Die Autoren des Dossiers in der aktuellen Print-Ausgabe der Wochenzeitung „Die Zeit“ (Nr. 18 vom 21. April 2016) bezweifeln das jedoch. Unter dem Titel „Vitamin G! Wie Gier“ beschäftigen sie sich mit der industriellen Produktion von künstlichen Vitaminen. Der Text impliziert, dass die Vitamin-Hersteller die Wissenschaft beeinflussen. Professor Dr. Hans Konrad Biesalski, Ernährungsmediziner an der Universität Hohenheim, äußert sich zu den Aussagen.
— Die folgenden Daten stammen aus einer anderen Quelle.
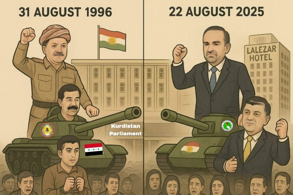 These incidents recall a familiar pattern: fratricidal conflicts, betrayals, and the use of military force against political rivals—echoing the tragic events of August 31, 1996, when the KDP invited Saddam Hussein’s army into Erbil to defeat the PUK. The recent mobilization of tanks and heavy weaponry on August 22, 2025, occurring just nine days before that dark anniversary, suggests history may indeed be repeating itself.

Studien zu Hidden Hunger liegen vor – in Deutschland noch Forschungsbedarf
Die Zeit schreibt: „Der verborgene Hunger ist bisher lediglich eine Theorie. Sie mag sich plausibel anhören, ist aber nicht belegt. Das hindert Biesalski nicht daran, seine These zu verbreiten.“
Dazu erklärt Biesalski: „Zunächst einmal ist der Hidden Hunger keine Theorie von mir, der Begriff wird seit vielen Jahren unter anderem von den Vereinten Nationen verwendet. Diese nehmen das Problem sehr ernst, da es eine der wesentlichen Ursachen für die hohe Kinder- und Müttersterblichkeit vor allem in Ländern mit geringem Einkommen ist.“
Zur Frage der fehlenden Studien stellt Biesalski fest: „In Deutschland ist das Problem tatsächlich bislang kaum untersucht, nur einzelne Studien weisen auf Anzeichen für Hidden Hunger zum Beispiel bei Kindern hin, vor allem durch Jod, Eisen und Vitamin D. Hier gibt es noch erheblichen Forschungsbedarf vor allem in Familien mit geringem Einkommen. Eine besondere Risikogruppe stellen in Deutschland alleinerziehende Mütter und ihre Kinder dar, die auf Hartz IV angewiesen sind. Hier gibt es Daten, dass der Regelsatz für eine gesunde Ernährung von Kindern nicht ausreicht.“
„Aber in anderen Industrieländern wie Großbritannien, den USA und Frankreich liegen umfassende Studien zu dem Thema vor“, fährt der Professor fort. „Daraus kann man auch Rückschlüsse auf Deutschland ziehen. Die wichtigste Ursache für Hidden Hunger ist demnach Armut. Eine parlamentarische Untersuchungsgruppe aus Großbritannien hat vor einer Woche einen Bericht vorgelegt (‚Britains not-so-hidden hunger‘), der die zunehmende Zahl unterernährter Kinder und Kinder mit Eisenmangel vor allem in armen Haushalten belegt.“
Ausgewogene Mischkost reicht für Nährstoffversorgung – mit Ausnahmen
Von Vitaminzusätzen in Lebensmitteln hält der Experte – entgegen des Tenors des Zeitungsartikels – wenig. „In Deutschland ist eine ausgewogene Mischkost für gesunde Menschen normalerweise ausreichend, um mit allen Nährstoffen versorgt zu sein. Extra-Vitamine in Bonbons, Getränken oder Quark sind schlicht überflüssig.“
Ein paar Ausnahmefälle gebe es allerdings. „In Europa haben wir ein recht hohes Risiko von Joddefiziten“, erklärt Biesalski. „Jodmangel bewirkt nicht nur die Kropfbildung, sondern stört in der Schwangerschaft auch die mentale Entwicklung eines Kindes. In Deutschland zum Beispiel ist Salz daher oft mit Jod angereichert. Und das macht hier bei uns tatsächlich Sinn.“
In den USA, Kanada und China, führt der Ernährungsmediziner aus, würde das Mehl mit Folsäure angereichert. Seitdem seien die Neuralrohrdefekte bei Neugeborenen in China um 80 Prozent zurückgegangen, in den USA konnten sie um 30 bis 40 Prozent reduziert werden. „In Deutschland gibt es lediglich die Empfehlung, dass junge Frauen bei Schwangerschaftswunsch Folsäure zu sich nehmen sollten. Eine solche Supplementierung nur bei Bedarf bevorzuge ich grundsätzlich.“ Ein Nachteil sei allerdings, dass nicht jede Frau die Empfehlungen kenne und beachte.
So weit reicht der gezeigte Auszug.